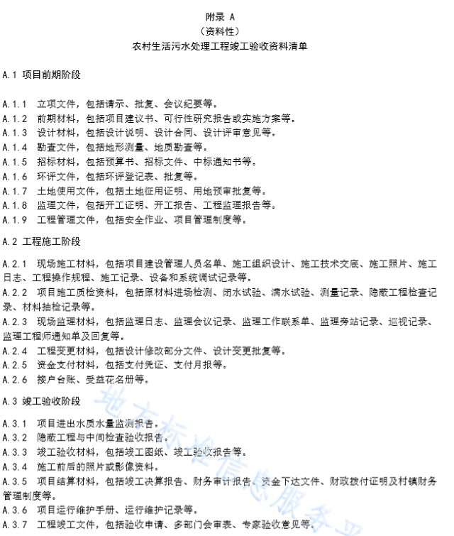按工程驗收所需的證明材料清單準(zhǔn)備驗收資料,農(nóng)村生活污水處理工程竣工驗收資料清單見附錄A。
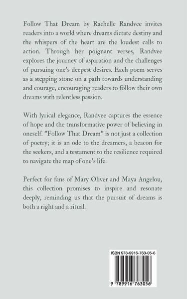 In "Follow Your Dreams," Hanna Helimets invites readers into a world where dreams not only sparkle with possibility but beckon with a palpable urgency. This stirring collection of poems traverses the intricate landscapes of hope, aspiration, and the relentless pursuit of one's deepest desires.With her vivid imagery and profound insight, Helimets crafts each poem as a beacon for the weary soul and a celebration for the spirited heart. From the quiet whispers of dawn to the loud echoes of twilight, her words resonate with anyone who has ever dared to reach beyond the horizon."Follow Your Dreams" is more than a poetry book; it is a journey mapped in the stars and written in the verse of life's endless possibilities. Step into Hanna Helimets's lyrical world, and be inspired to chase the dreams that define your own sky. Copyright © 2024 Book Fairy Publishing
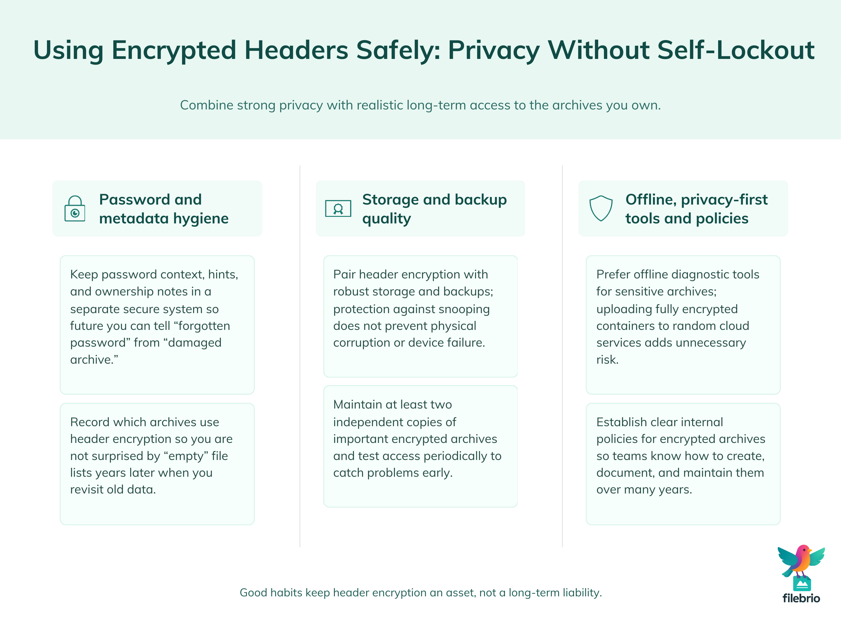 Strong header encryption works best when combined with good password hygiene, resilient storage, and clear long-term access policies.
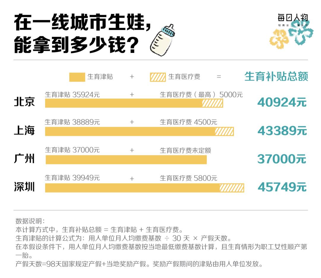 根据各城市社保最低缴费基数,每日人物计算了北京、上海、广州、深圳四个城市的女性职工能拿到的最低生育补贴金额。其中,深圳能拿到的最高,一个在深圳工作顺产第一胎的女性,至少能拿到4.5万元的生育补贴。
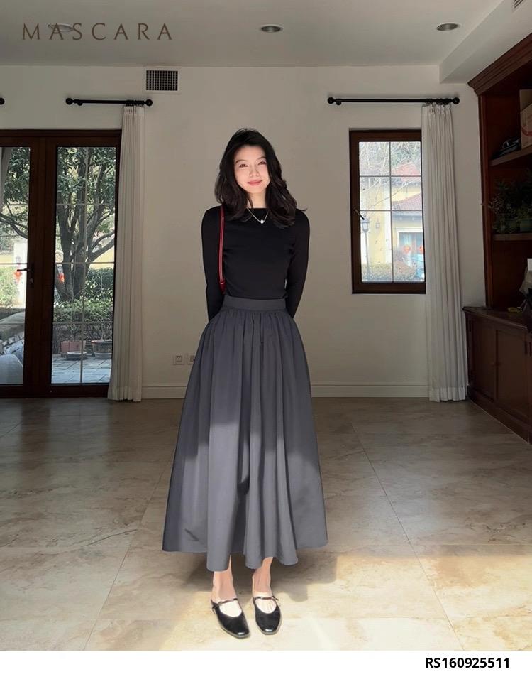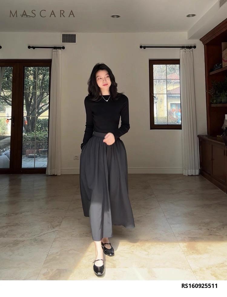 Áo len cổ thuyền dáng ôm, chất liệu co giãn ôm vừa vặn tôn dáng. Kết hợp chân váy tùng nhún xòe, tạo tổng thể dịu dàng nhưng vẫn hiện đại – Chalee Set hoàn hảo cho những ngày se lạnh.
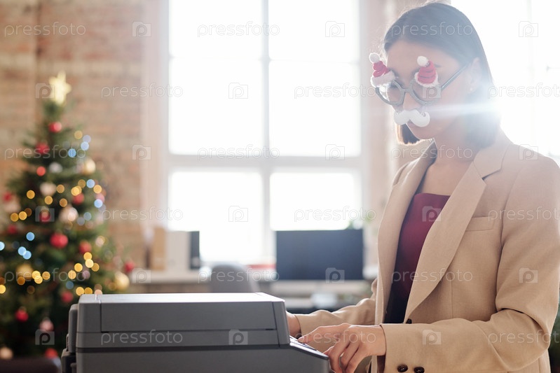 Женщина-офисник в рождественских очках с белыми усами, использующая ксерокопирующую машину
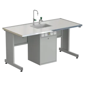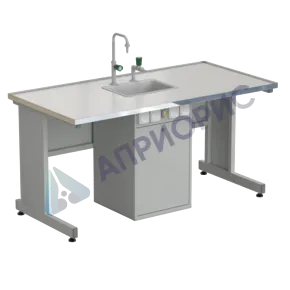 На сервисной стойке стола размещены четыре розетки для подключения электрооборудования и устройство защитного отключения (УЗО). Стол оснащен стеклопластиковой раковиной, кранами для воды и сантехнической разводкой.
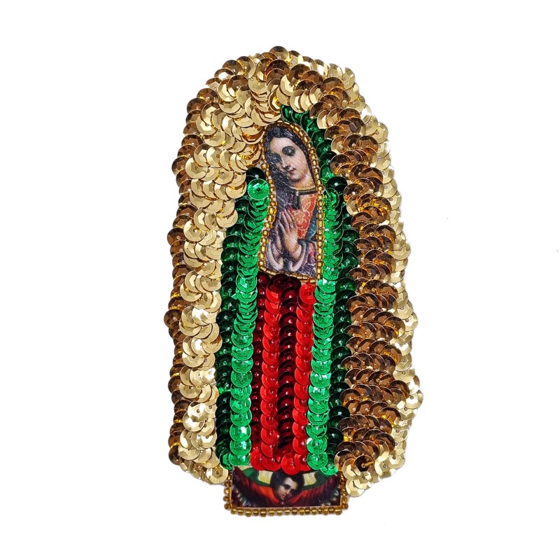 Superbe écusson ovale de la Vierge de Guadalupe, brodé de sequins et de perles dorées.

◆ ◆ ◆

**TO DO**.
Start with the line above containing "Strong header encryption" and end with the line containing "Áo len cổ thuyền". Set down that stretch exactly, without any pictures.

**RESULT OF THE EXERCISE**.
 Strong header encryption works best when combined with good password hygiene, resilient storage, and clear long-term access policies.
 根据各城市社保最低缴费基数,每日人物计算了北京、上海、广州、深圳四个城市的女性职工能拿到的最低生育补贴金额。其中,深圳能拿到的最高,一个在深圳工作顺产第一胎的女性,至少能拿到4.5万元的生育补贴。
 Áo len cổ thuyền dáng ôm, chất liệu co giãn ôm vừa vặn tôn dáng. Kết hợp chân váy tùng nhún xòe, tạo tổng thể dịu dàng nhưng vẫn hiện đại – Chalee Set hoàn hảo cho những ngày se lạnh.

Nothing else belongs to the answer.